## Task to complete
In the entries below, find the line containing "Black Plus Size" and the line containing "2021年4月15日是第6个". Copy those two lines and everything between them exactly, and only that.

## Recorded information
****************

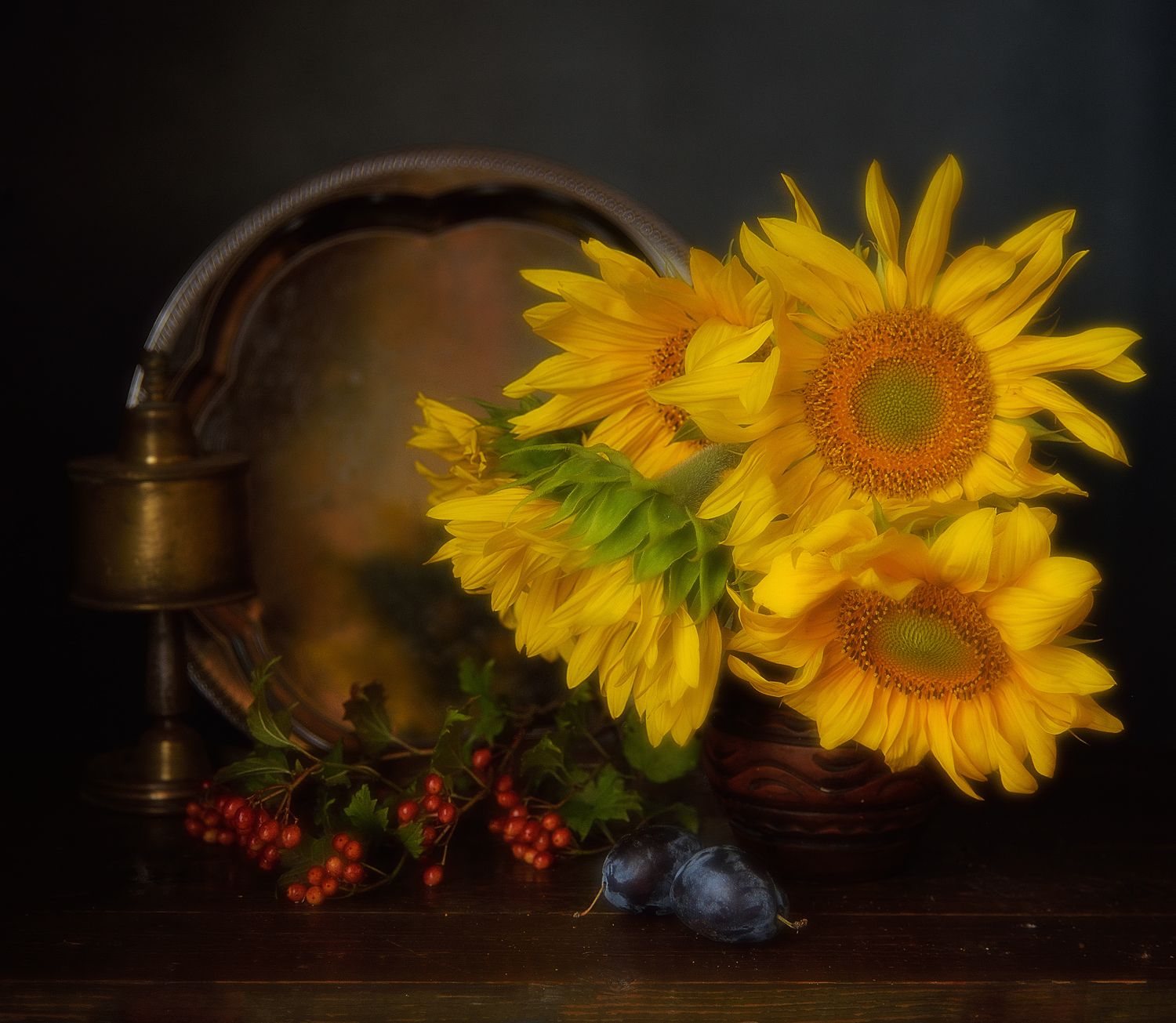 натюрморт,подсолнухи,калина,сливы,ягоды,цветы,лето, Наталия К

****************

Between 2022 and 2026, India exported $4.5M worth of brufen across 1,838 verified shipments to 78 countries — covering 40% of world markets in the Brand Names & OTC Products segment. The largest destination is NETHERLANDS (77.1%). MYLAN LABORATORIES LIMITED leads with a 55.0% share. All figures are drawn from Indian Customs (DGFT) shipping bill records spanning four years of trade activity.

****************

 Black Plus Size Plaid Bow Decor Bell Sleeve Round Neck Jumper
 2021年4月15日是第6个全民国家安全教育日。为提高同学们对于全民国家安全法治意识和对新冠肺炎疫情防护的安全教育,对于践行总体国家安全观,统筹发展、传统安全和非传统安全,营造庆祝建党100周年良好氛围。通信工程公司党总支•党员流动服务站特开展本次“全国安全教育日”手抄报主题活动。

****************

## Exercise output
 Black Plus Size Plaid Bow Decor Bell Sleeve Round Neck Jumper
 2021年4月15日是第6个全民国家安全教育日。为提高同学们对于全民国家安全法治意识和对新冠肺炎疫情防护的安全教育,对于践行总体国家安全观,统筹发展、传统安全和非传统安全,营造庆祝建党100周年良好氛围。通信工程公司党总支•党员流动服务站特开展本次“全国安全教育日”手抄报主题活动。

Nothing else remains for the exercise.